## What to work on
For this exercise, write out each entry below exactly as it reads.

━━━ Dataset ━━━

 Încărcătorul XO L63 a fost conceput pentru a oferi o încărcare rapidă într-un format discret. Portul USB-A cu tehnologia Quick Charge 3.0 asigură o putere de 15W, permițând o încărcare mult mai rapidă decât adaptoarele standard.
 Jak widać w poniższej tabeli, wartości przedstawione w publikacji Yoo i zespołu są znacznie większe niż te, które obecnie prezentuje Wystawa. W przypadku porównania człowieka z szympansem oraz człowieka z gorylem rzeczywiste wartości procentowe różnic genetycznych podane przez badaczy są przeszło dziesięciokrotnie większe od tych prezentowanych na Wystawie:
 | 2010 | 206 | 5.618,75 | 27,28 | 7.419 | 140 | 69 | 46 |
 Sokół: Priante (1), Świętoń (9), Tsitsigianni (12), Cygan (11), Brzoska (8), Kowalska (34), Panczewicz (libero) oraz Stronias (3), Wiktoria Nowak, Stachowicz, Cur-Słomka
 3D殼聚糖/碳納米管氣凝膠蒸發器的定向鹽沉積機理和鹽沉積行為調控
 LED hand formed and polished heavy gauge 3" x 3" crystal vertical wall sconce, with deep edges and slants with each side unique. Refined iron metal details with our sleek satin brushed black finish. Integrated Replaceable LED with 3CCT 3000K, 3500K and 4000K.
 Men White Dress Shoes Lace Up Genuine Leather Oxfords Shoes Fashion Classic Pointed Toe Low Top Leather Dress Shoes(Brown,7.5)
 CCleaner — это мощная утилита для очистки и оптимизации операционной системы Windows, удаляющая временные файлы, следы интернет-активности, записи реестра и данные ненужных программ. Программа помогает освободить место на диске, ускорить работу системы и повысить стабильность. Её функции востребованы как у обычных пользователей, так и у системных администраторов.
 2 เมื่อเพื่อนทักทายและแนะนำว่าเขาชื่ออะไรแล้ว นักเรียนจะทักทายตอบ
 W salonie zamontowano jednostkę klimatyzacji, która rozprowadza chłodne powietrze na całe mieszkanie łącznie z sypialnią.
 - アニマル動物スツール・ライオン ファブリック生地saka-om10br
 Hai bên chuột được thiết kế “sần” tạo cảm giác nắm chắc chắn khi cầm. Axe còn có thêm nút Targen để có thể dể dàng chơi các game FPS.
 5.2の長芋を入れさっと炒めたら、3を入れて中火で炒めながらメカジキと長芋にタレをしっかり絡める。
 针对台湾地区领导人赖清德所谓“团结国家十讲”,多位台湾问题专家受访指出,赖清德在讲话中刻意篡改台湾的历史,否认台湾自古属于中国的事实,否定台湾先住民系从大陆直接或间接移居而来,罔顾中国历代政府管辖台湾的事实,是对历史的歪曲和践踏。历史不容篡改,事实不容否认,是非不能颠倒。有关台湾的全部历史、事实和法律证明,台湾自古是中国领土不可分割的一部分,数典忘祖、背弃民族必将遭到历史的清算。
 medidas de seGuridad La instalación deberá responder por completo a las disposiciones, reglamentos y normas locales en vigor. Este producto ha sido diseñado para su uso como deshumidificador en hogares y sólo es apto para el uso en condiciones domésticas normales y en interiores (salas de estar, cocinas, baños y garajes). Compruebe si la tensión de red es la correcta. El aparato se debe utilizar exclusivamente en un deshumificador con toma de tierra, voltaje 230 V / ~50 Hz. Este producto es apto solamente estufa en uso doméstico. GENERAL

━━━

## Finished task
 Încărcătorul XO L63 a fost conceput pentru a oferi o încărcare rapidă într-un format discret. Portul USB-A cu tehnologia Quick Charge 3.0 asigură o putere de 15W, permițând o încărcare mult mai rapidă decât adaptoarele standard.
 Jak widać w poniższej tabeli, wartości przedstawione w publikacji Yoo i zespołu są znacznie większe niż te, które obecnie prezentuje Wystawa. W przypadku porównania człowieka z szympansem oraz człowieka z gorylem rzeczywiste wartości procentowe różnic genetycznych podane przez badaczy są przeszło dziesięciokrotnie większe od tych prezentowanych na Wystawie:
 | 2010 | 206 | 5.618,75 | 27,28 | 7.419 | 140 | 69 | 46 |
 Sokół: Priante (1), Świętoń (9), Tsitsigianni (12), Cygan (11), Brzoska (8), Kowalska (34), Panczewicz (libero) oraz Stronias (3), Wiktoria Nowak, Stachowicz, Cur-Słomka
 3D殼聚糖/碳納米管氣凝膠蒸發器的定向鹽沉積機理和鹽沉積行為調控
 LED hand formed and polished heavy gauge 3" x 3" crystal vertical wall sconce, with deep edges and slants with each side unique. Refined iron metal details with our sleek satin brushed black finish. Integrated Replaceable LED with 3CCT 3000K, 3500K and 4000K.
 Men White Dress Shoes Lace Up Genuine Leather Oxfords Shoes Fashion Classic Pointed Toe Low Top Leather Dress Shoes(Brown,7.5)
 CCleaner — это мощная утилита для очистки и оптимизации операционной системы Windows, удаляющая временные файлы, следы интернет-активности, записи реестра и данные ненужных программ. Программа помогает освободить место на диске, ускорить работу системы и повысить стабильность. Её функции востребованы как у обычных пользователей, так и у системных администраторов.
 2 เมื่อเพื่อนทักทายและแนะนำว่าเขาชื่ออะไรแล้ว นักเรียนจะทักทายตอบ
 W salonie zamontowano jednostkę klimatyzacji, która rozprowadza chłodne powietrze na całe mieszkanie łącznie z sypialnią.
 - アニマル動物スツール・ライオン ファブリック生地saka-om10br
 Hai bên chuột được thiết kế “sần” tạo cảm giác nắm chắc chắn khi cầm. Axe còn có thêm nút Targen để có thể dể dàng chơi các game FPS.
 5.2の長芋を入れさっと炒めたら、3を入れて中火で炒めながらメカジキと長芋にタレをしっかり絡める。
 针对台湾地区领导人赖清德所谓“团结国家十讲”,多位台湾问题专家受访指出,赖清德在讲话中刻意篡改台湾的历史,否认台湾自古属于中国的事实,否定台湾先住民系从大陆直接或间接移居而来,罔顾中国历代政府管辖台湾的事实,是对历史的歪曲和践踏。历史不容篡改,事实不容否认,是非不能颠倒。有关台湾的全部历史、事实和法律证明,台湾自古是中国领土不可分割的一部分,数典忘祖、背弃民族必将遭到历史的清算。
 medidas de seGuridad La instalación deberá responder por completo a las disposiciones, reglamentos y normas locales en vigor. Este producto ha sido diseñado para su uso como deshumidificador en hogares y sólo es apto para el uso en condiciones domésticas normales y en interiores (salas de estar, cocinas, baños y garajes). Compruebe si la tensión de red es la correcta. El aparato se debe utilizar exclusivamente en un deshumificador con toma de tierra, voltaje 230 V / ~50 Hz. Este producto es apto solamente estufa en uso doméstico. GENERAL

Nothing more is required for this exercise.